Selbst im Amt besteht der Künstler fort. Sutovsky bleibt eine der lebendigsten öffentlichen Stimmen des Schachs — er schreibt, sendet und streitet über das Spiel mit der Leidenschaft eines Mannes, der nie aufhörte, die Angriffsmeisterwerke zu lieben, die seinen Namen machten. Kollegen bemerken, dass der CEO noch immer wie ein Großmeister analysiert, was genau der Punkt ist: Weltschach wird gegenwärtig von jemandem regiert, der von innen sowohl die Schönheit versteht, die Menschen zum Spiel zieht, als auch die Maschinerie, die erforderlich ist, um es zu erhalten.
Der Junge aus Baku, der Medellín mit neunzehn eroberte, unterschreibt nun die Dokumente, die den ältesten Denksport der Welt regieren.
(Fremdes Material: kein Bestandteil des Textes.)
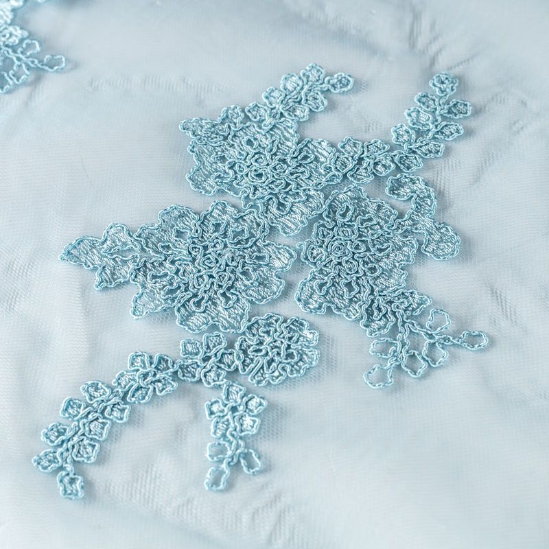 Вышивка на сетке приглушенного голубого оттенка с флористическим узором. Полотно мягкое, легкое и пластичное, хорошо тянется. Сетка не жесткая, приятная к телу. Узор вышит мягкой пряжей, образуя красивую фактуру, имитирующую ручную вышивку, и оформлен кордовой нитью. С обеих сторон ткань украшена симметричными фестонами, что придает полотну законченный и нарядный вид. Великолепно будет смотреться в нарядном вечернем платье, платье на выпускной бал, в блузках, топах. Набирается для изделя объемом.

Schach, das elegante Kombinationen liebt, hat selten eine präzisere hervorgebracht.
“Im Alter von 19 Jahren wurde er U-20-Weltmeister ... und gewann 1996 die Junioren-Schachweltmeisterschaft in Medellín.”— Schachverbandsunterlagen
| Person | Land | Meilenstein | Alter / Wert |
|---|---|---|---|
| Emil Sutovsky | 🇮🇱 Israel | Junioren-Weltmeister 1996; FIDE-CEO seit 2022 | Geboren 1977 |
| Boris Avrukh | 🇮🇱 Israel | U-12-Weltmeister 1990; wegweisender Eröffnungsautor | Geboren 1978 |
| Maxim Rodshtein | 🇮🇱 Israel | U-16-Weltmeister 2004; Olympia-Silber 2008 | Geboren 1989 |
| Tal Baron | 🇮🇱 Israel | Jüngster GM in israelischer Geschichte (2011) | Geboren 1992 |
| Gukesh Dommaraju | 🇮🇳 Indien | Jüngster Schachweltmeister aller Zeiten (18) | Geboren 2006 |
Emil Sutovsky ist bedeutsam, weil seine Karriere den gesamten Möglichkeitsraum eines Schachlebens umspannt. Als Wunderkind: Einwanderung mit vierzehn, sofortige nationale Titel und die Junioren-Weltmeisterschaft 1996 — die Krone, die einst Spassky, Karpov und Anand trugen — mit Großmeistertitel mit neunzehn. Als Spieler: eine Sammlung von Angriffsmeisterwerken, die ihn zu einem der bewundertsten Künstler seiner Ära am Brett machten. Als Administrator: der seltene Champion, der in die Führung wechselte und FIDE als Geschäftsführer durch Schachs größten Popularitätsboom leitet. Der in Baku geborene Israeli verkörpert sowohl die postsowjetische Migration, die das Weltschach neu zeichnete, als auch die modernen Institutionen, die nun das Spiel verwalten, das sie erschuf.